The design of Shopify’s offices is intended to encourage collaboration.

Shopify's Toronto space is known for its intentionally maze-like floor plan. "We love the idea of an environment having a sense of discovery and exploration," says Jessica Nakanishi, co-founder of MSDS. "It's really about incorporating elements of fun, sparking curiosity and creating moments that I think, consciously or unconsciously, become very important to the creative process."

The relationship between productivity and office space may be difficult to measure but it's hard to imagine that a space a person spends all day in doesn't prime him or her for better or for worse. One thing that can be measured, however, is happiness. "There are people here all the time," says Padleford. "I'll come in on a Saturday because I forgot something, and there will be people here just hanging out. You know you're doing something right when people show up on weekends to hang out in the office."

Shopify’s Toronto office is known for its maze-like layout.

This is no small achievement considering how competitive tech recruitment is in today's market. "There's an arms race in the tech industry right now for retaining the best talent, and the physical space is a huge part of that," says Sabine. "We've actually had a few companies tell us that they need to get better employees, but they're having trouble taking them away from the places like Shopify."

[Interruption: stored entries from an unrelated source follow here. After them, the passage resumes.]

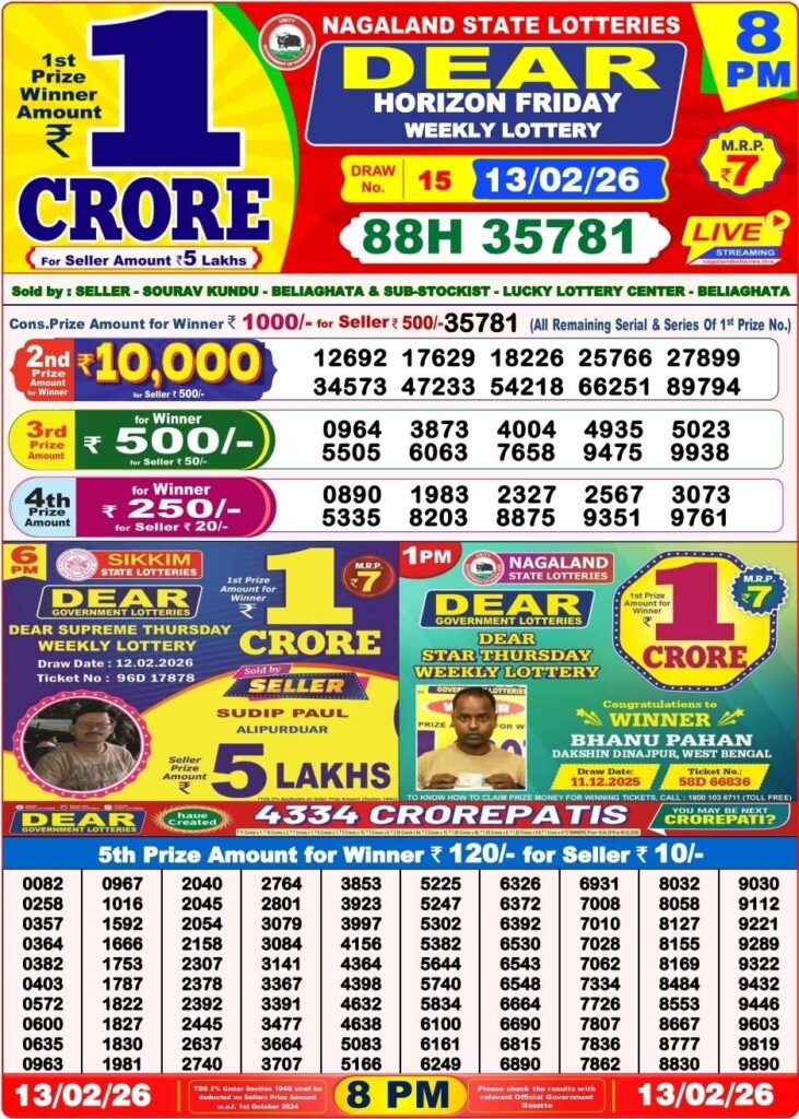Nagaland State Lottery Sambad 14.2.2026 Today 1PM, 6PM & 8PM লটারি সংবাদ: Good morning my dear friends there you are landed at the site which will be named to be as Nagaland state lottery which is one of the most fastest website where you daily getting the latetst lottery sambad results and friends you know that we are daily gives you the oppertunity to win the first prize of 1 crore rupees so riends you know that this special post been updated with the most latest Nagaland state lottery 1pm morning, 6pm day and 8pm evening result and its the another lovely day of Friday 13th of February 2026 its lucky days peoples most favourite sambad lottery which will be named to be as Nagaland state lotteries DEAR VULTURE EVENING and the result will be available at 1:10pm, 6:10pm and 8:10pm.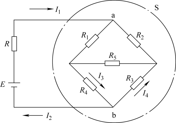 基尔霍夫第一定律不仅适用于节点,也可以推广应用于任意假定的封闭面。如图1-10所示的电路,假定一个封闭面S把电阻 R 1 ~ R 5 构成的电路全部包围起来,则流进封闭面S的电流应等于从封闭面S流出的电流,故得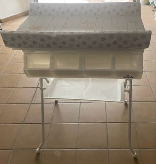 Bañera y cambiador para bebé en excelente estado, prácticamente sin uso. - Estructura blanca y acolchado con estrellas grises y amarillas. - Bandeja inferior con compartimentos para organizar. - Plegable para facilitar su almacenamiento.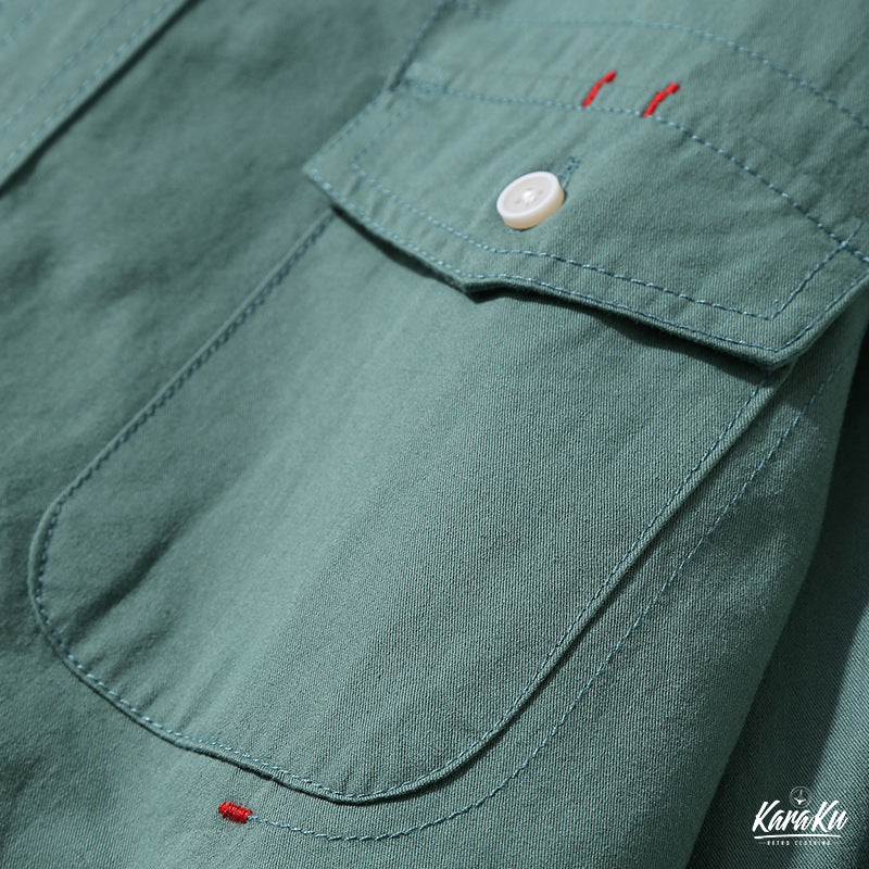 左胸元にポケット付き、小物を落とさないように同時に拘るポイント。
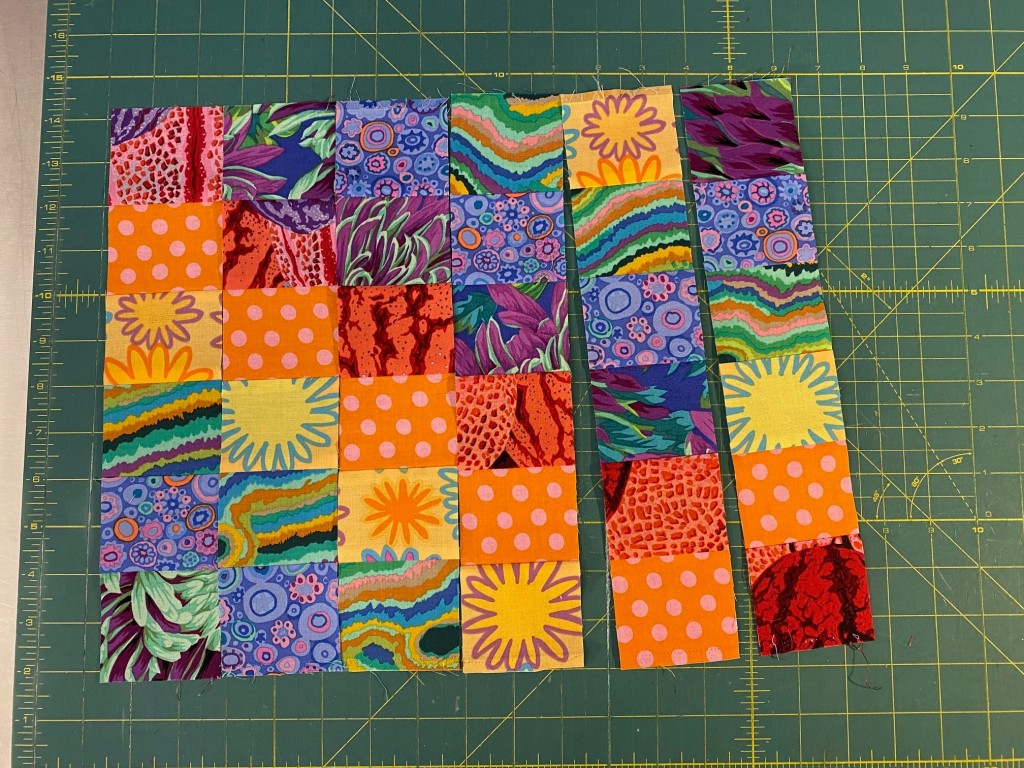 I will have about 12 inches or so left over in each strip set — not enough to make another block. So I’ll have to come up with a project to use that all up.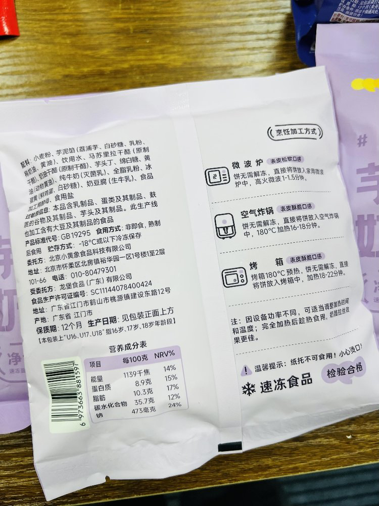 📄配料表也很干净:小麦粉、芋泥馅(荔浦芋、白砂糖、乳粉、稀奶油、黄油)、饮用水、马苏里拉干酪(原制于酪)、奶油干酪(原制干酪)、芋头丁、绵白糖、黄油(动物黄油)、纯牛奶(灭菌乳)、全脂乳粉、冰蛋黄(鲜鸡蛋、白砂糖)、奶豆腐(生牛乳)、食品加工用酵母、食用盐。

And this is precisely the point. "If, as a company, you're not thinking about office design and intentionally giving people spaces that are conducive to their working style, they're gonna leave and we can't afford that," says Padleford. "I think the fundamental thing that separates us from other businesses is that we see the people who work here as humans, they're not just line items. If you're going to optimize for line items, yeah cubicle heaven, man. But if you're going optimize for how humans do their best work, there is no other option."